INPUT DATA:
• • • • • • •

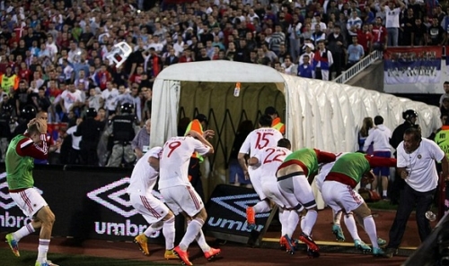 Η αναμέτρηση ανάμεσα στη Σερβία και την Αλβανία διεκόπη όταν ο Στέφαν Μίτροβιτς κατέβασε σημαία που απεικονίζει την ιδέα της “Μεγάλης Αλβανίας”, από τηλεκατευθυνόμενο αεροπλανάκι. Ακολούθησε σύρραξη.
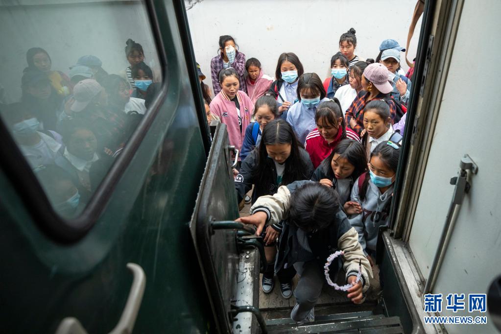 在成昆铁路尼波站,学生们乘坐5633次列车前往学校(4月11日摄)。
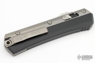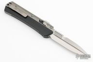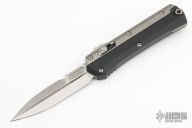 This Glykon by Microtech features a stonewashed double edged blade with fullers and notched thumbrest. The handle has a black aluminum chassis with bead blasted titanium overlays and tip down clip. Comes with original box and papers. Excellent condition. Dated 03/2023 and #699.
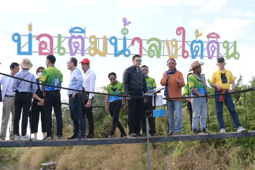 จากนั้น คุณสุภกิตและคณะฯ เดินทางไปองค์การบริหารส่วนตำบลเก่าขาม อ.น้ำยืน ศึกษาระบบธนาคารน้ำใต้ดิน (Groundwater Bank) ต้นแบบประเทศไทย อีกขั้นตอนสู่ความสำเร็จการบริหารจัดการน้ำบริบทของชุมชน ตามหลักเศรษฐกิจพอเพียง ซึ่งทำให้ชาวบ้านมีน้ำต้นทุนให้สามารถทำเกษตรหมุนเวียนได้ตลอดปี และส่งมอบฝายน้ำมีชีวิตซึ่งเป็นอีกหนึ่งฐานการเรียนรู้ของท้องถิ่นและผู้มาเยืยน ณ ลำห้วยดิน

• • • • • • •

TRY IT: Your task is to reproduce exactly the lines from the one with "在成昆铁路尼波站,学生们乘坐5633次列车前往学校(4月11日摄)。" to the end of the material, both included, with the pictures left out.

RESPONSE BOX:
 在成昆铁路尼波站,学生们乘坐5633次列车前往学校(4月11日摄)。
 This Glykon by Microtech features a stonewashed double edged blade with fullers and notched thumbrest. The handle has a black aluminum chassis with bead blasted titanium overlays and tip down clip. Comes with original box and papers. Excellent condition. Dated 03/2023 and #699.
 จากนั้น คุณสุภกิตและคณะฯ เดินทางไปองค์การบริหารส่วนตำบลเก่าขาม อ.น้ำยืน ศึกษาระบบธนาคารน้ำใต้ดิน (Groundwater Bank) ต้นแบบประเทศไทย อีกขั้นตอนสู่ความสำเร็จการบริหารจัดการน้ำบริบทของชุมชน ตามหลักเศรษฐกิจพอเพียง ซึ่งทำให้ชาวบ้านมีน้ำต้นทุนให้สามารถทำเกษตรหมุนเวียนได้ตลอดปี และส่งมอบฝายน้ำมีชีวิตซึ่งเป็นอีกหนึ่งฐานการเรียนรู้ของท้องถิ่นและผู้มาเยืยน ณ ลำห้วยดิน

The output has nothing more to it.